Tuesday, 16th January, 2001 - Part A: (In which John Fleming puts the hard word on me & think through the Adelaide call)
I am virtually working totally from notes that I have recorded over the last few days at the moment. We are still here at Cowes. I went up to the church this morning, thinking to say morning prayer there (I have, since Sunday morning, been saying all the offices) and found a mass in progress. It was a complete contrast to Sunday, as there were only two people other than the priest there, but after the mass, the priest ("Fr Feilan"--old and very Irish), chatted with me an explained that it was really a private mass on Tuesdays. He had a little pouch around his neck and a small purple stole on, so I figured he was on his way to do sick communions. He asked me if I were a seminary student, and I told him I was a Lutheran in the process of converting to the Catholic Church. I will go back tomorrow if I can for the regular mass at 9am. He allowed me to stay to pray morning prayer as long as I locked the door behind me.
Reading morning prayer, I came across this passage from Isaiah 38 “Like a swallow or a crane I clamour, I moan like a dove. My eyes are weary with looking upward. O Lord, I am oppressed; be my security!” The relevance of that passage will become clear below as I continue to recount my deliberations.
Now, to continue where I left off, relating the events at the dinner at the Holmes' with Fr John Fleming on Friday, 5th January.
When I told John about my call, he immeadiately said, without hesitation: “You shouldn’t take it. You have begun the process of reception, you have been given full episcopal assurances. This is a rich diocese where what the bishop [George Pell] says happens, and he was the one who eventually made things happen for me. For yourself, this is now the second time you have faced the decision to convert. If you turn back now, you will be back again in years to come. Now trust God and follow your calling to the Truth.”

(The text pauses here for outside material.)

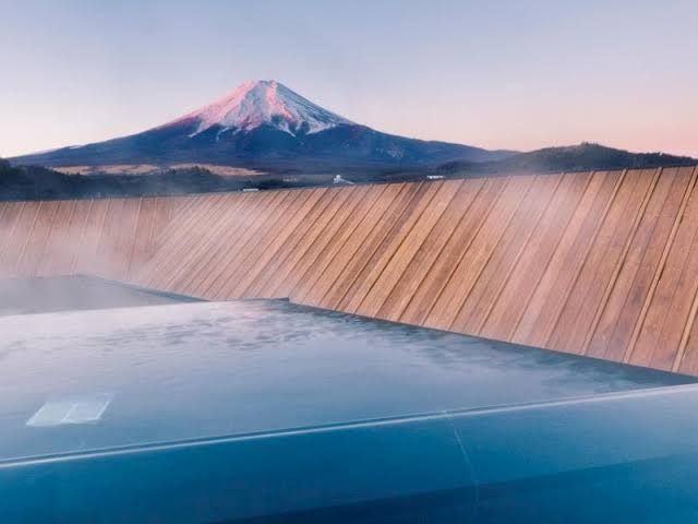 Et là… quand je suis entrée dans l’eau, je l’ai vu. Le mont Fuji, juste en face. Pas une carte postale, pas une silhouette au loin, mais le vrai, immense, imposant. Je n’ai pas pu prendre de photo — évidemment, c’est interdit, on est nus dans les bains — mais peut-être que c’est mieux ainsi : juste moi, dans l’eau chaude, face à cette montagne sacrée. On voyait même certains détails qu’on ne distingue pas quand on le regarde de loin. Ce n’était pas effrayant, mais… impressionnant. Majestueux. Et moi, toute petite dans mon bain, je me suis juste laissée absorber par ce moment.

So, that just about decided it for me. I told him as we were leaving that I would get a second opinion (from Anthony), but from that point on I have realised that I am not going to Adelaide after all. Whatever the virtues of a decision to take the call, my integrity would be in question.
The word “integrity” only entered this consideration the next day, however, when I was talking to Pastor DB on the phone. He said breaking off the process at this point would do significant damage to my integrity “in an engineering sense”--by which I took him to mean not my own interior integrity, but the way my integrity would be viewed externally by others in both churches. He went on to remind me of what he had often said before, that God will bless whatever decision I make, just as a father blesses whatever good thing his son decides to do. In other words, “whatever you decide, that will be God’s will for you.”
Still I was not at all comfortable with the fact that I was going to have to turn this call down. Some days later I was on my way between Martin Luther Homes and my chiropractor in Tecoma when it occured to me that this call was so attractive to me because it met some deep psychological needs in me. I wrote the following in the back of my travel log as I sat in the chiropractor’s waiting room:
What needs does this call meet in me? Why is it so powerful? As a call, it seems almost/at least as powerful as the call to the Catholic Church.
1) It gets me (and my family) out of a very stressful situation;
2) I really do have a strong impulse to work in an enclosed community as part of a a pastoral care team, where my skills are valued (Something of the monastry in this? Prayer and worship life?);
3) My call to pastoral ministry is still very strong--the chance to get away from the desk (although I enjoy that type of work, it isn’t very fulfilling) and into direct person to pastor pastoral care (nb. I ask myself my President’s question: "Do I desire this call because I can afirm my ministry? specifically in the Lutheran Church?" I don’t think so. It is almost that this call has a pull on my heart despite the fact that it is Lutheran);
4) Would this call be more/less powerful if a) it wasn’t in Adelaide? More. b) it wasn’t Lutheran but Catholic? More.
5) It provides a secure future--a career path--hence financial security also;
6) Some part of me senses that it might return my family to me and me to my family; that this would give me time for them and for myself--perhaps that is the more accurate reading: My need for time... structured time? Clear “on/off” time?
7) the need for clear, unambiguous job expectations which I know that I can fulfill.
What is it then that I am trying to get out of in this “stressful” situation alluded to in 1) above?
1) insecurity (future job and financial);
2) lack of personal/family/structured time;
3) no clear boundaries.
The call to Hope Valley would seem to provide all of these.